We are what we repeatedly do. Excellence, then, is not an act, but a habit.
— Aristotle

The purpose of the one year pledge is to strengthen the body (‘eat,’ ‘move,’ ‘drink’), the mind (‘read’), and the spirit (‘give back,’ ‘experiment’). 

I’ve always been interested in self experimentation, challenges and new experiences.  There are so many variables that we can change in our lives that can contribute to, or detract from, our well being and happiness – and the only way to know what works is to try different things.  With most forms of personal experimentation, there is much more to be gained than to be lost. 

This year long pledge - hopefully the first of many - is designed to discover just how, and to what degree, certain habits make us healthier and happier (two things that I believe go hand in hand).  A year is a long time, and many elements of this pledge will require a good deal of willpower. Different aspects will be difficult for different people. But, for the reasons outlined in each element’s page on this website, I believe that each of these activities and restrictions would be beneficial for just about everybody out there.  If anyone wants to try this with me, they need not commit to every single element.  Each element, or some combination of a few, can be a standalone pledge.

As Ben Franklin said, “’Tis easy to frame a good bold resolution; But hard is the Task that concerns execution.” This won’t be easy, but it will surely be worthwhile.

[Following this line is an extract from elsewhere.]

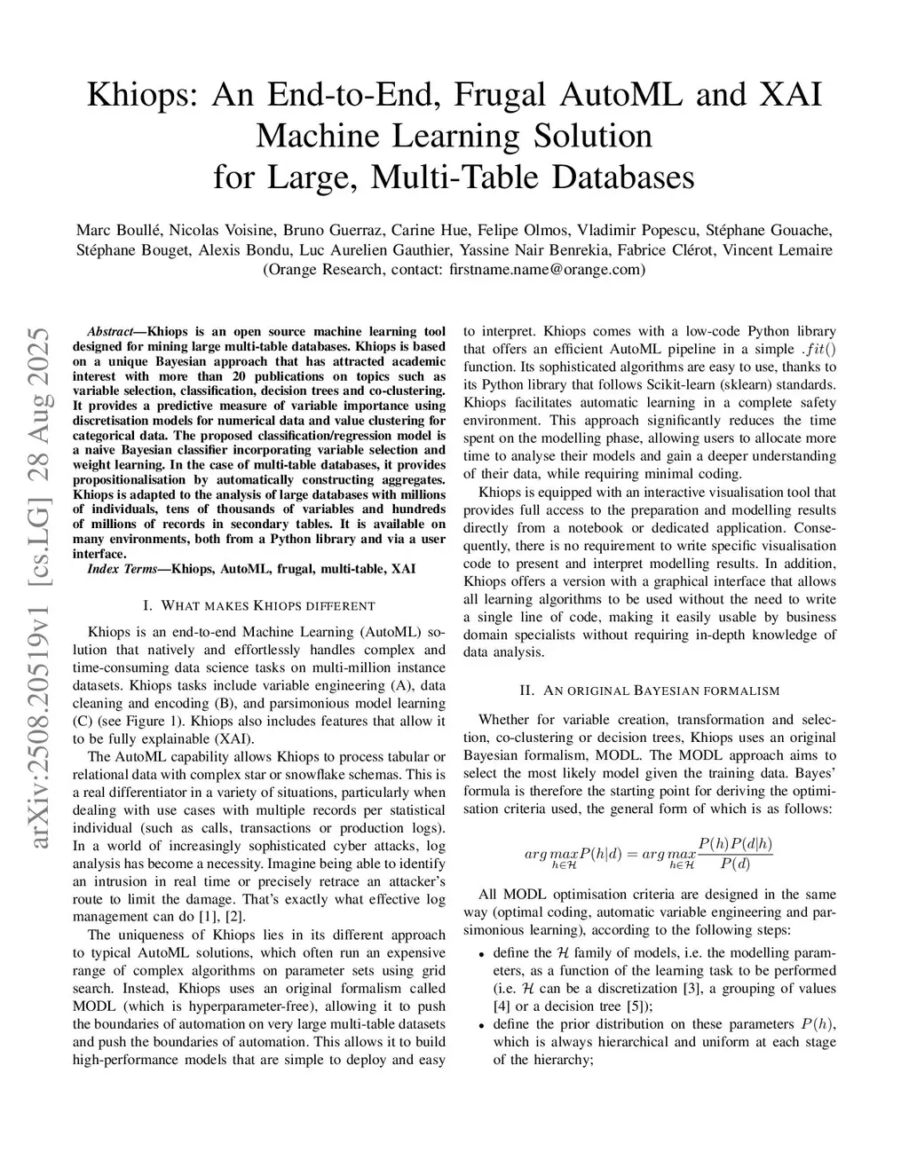 Khiops is an open source machine learning tool designed for mining large multi-table databases. Khiops is based on a unique Bayesian approach that has attracted academic interest with more than 20 publications on topics such as variable selection, classification, decision trees and co-clustering. It provides a predictive measure of variable importance using discretisation models for numerical data and value clustering for categorical data. The proposed classification/regression model is a naive Bayesian classifier incorporating variable selection and weight learning. In the case of multi-table databases, it provides propositionalisation by automatically constructing aggregates. Khiops is adapted to the analysis of large databases with millions of individuals, tens of thousands of variables and hundreds of millions of records in secondary tables. It is available on many environments, both from a Python library and via a user interface.

The elements of the pledge are summarized on the right. For more detailed reasoning behind each element, see its page on this website. The blog section of the website will be updated sporadically with posts about overall progress, or about one element in particular.  Here is the one year pledge:

THE ONE YEAR PLEDGE

Eat – Whole foods as much as possible.  Zero Gluten.  At some point, a one month sugar detox.

Move – An average of two high intensity workouts per week.  An average of two long walks per week.  

Drink – No beer. Two three-week long periods of complete sobriety.

Read – At least 25 books.

Give back – 5% of income to charity and/or 75 hours of community service. Some small kindness daily.

Experiment – At least once a month, do something that differs considerably from life’s normal routine.